Instructions for the task :: In the answer, each line from the top of the material through the line that contains "伍和服务群众等具体工作,以高" is restated exactly. No picture is given again.

Source data ::
■ ■ ■ ■

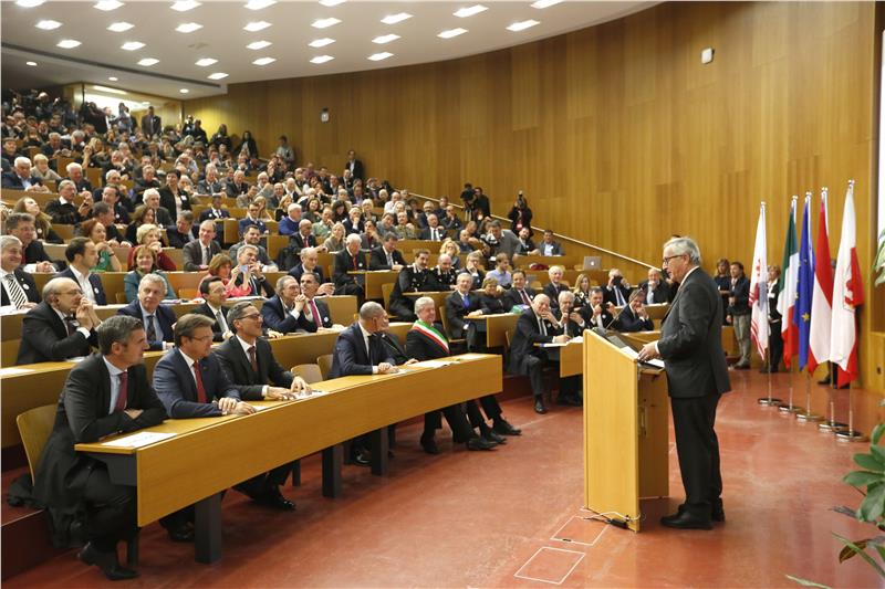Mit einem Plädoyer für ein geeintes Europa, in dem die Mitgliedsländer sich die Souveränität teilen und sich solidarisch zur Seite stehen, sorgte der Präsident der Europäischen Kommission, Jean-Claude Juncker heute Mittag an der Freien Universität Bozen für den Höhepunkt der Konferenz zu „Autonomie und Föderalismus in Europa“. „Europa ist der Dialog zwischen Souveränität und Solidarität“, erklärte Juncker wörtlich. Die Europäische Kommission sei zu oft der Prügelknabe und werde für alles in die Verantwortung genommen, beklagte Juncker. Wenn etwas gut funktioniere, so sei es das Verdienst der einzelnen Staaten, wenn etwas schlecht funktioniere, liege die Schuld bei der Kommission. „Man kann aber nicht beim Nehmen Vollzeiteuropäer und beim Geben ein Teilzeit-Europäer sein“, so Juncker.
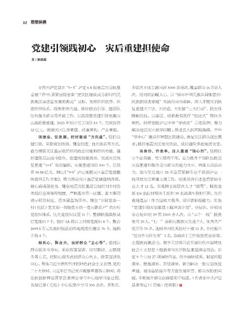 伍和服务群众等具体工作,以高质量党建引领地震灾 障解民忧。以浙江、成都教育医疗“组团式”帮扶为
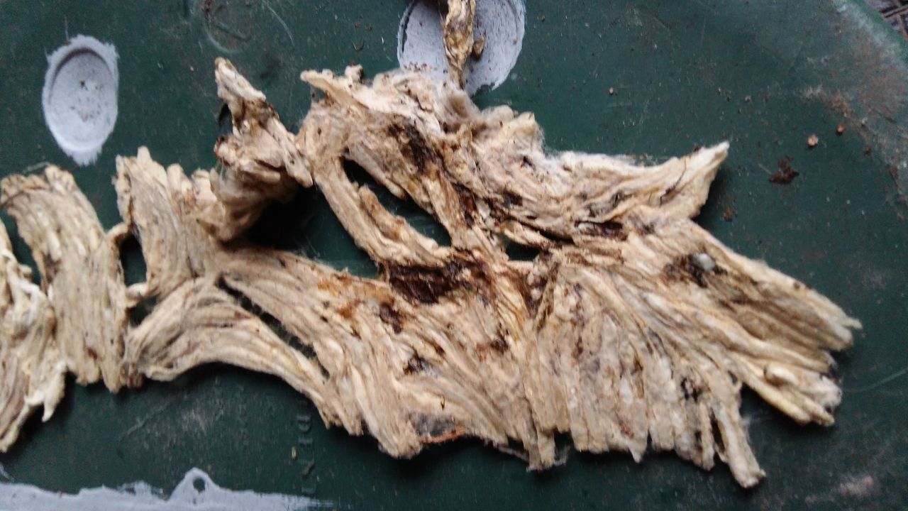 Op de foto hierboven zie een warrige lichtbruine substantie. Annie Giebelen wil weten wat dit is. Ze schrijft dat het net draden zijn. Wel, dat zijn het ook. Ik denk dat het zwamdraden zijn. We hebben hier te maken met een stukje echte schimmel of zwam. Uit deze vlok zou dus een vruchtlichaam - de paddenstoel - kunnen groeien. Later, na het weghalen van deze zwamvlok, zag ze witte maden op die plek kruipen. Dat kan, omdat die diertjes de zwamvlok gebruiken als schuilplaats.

■ ■ ■ ■

Task solution ::
Mit einem Plädoyer für ein geeintes Europa, in dem die Mitgliedsländer sich die Souveränität teilen und sich solidarisch zur Seite stehen, sorgte der Präsident der Europäischen Kommission, Jean-Claude Juncker heute Mittag an der Freien Universität Bozen für den Höhepunkt der Konferenz zu „Autonomie und Föderalismus in Europa“. „Europa ist der Dialog zwischen Souveränität und Solidarität“, erklärte Juncker wörtlich. Die Europäische Kommission sei zu oft der Prügelknabe und werde für alles in die Verantwortung genommen, beklagte Juncker. Wenn etwas gut funktioniere, so sei es das Verdienst der einzelnen Staaten, wenn etwas schlecht funktioniere, liege die Schuld bei der Kommission. „Man kann aber nicht beim Nehmen Vollzeiteuropäer und beim Geben ein Teilzeit-Europäer sein“, so Juncker.
 伍和服务群众等具体工作,以高质量党建引领地震灾 障解民忧。以浙江、成都教育医疗“组团式”帮扶为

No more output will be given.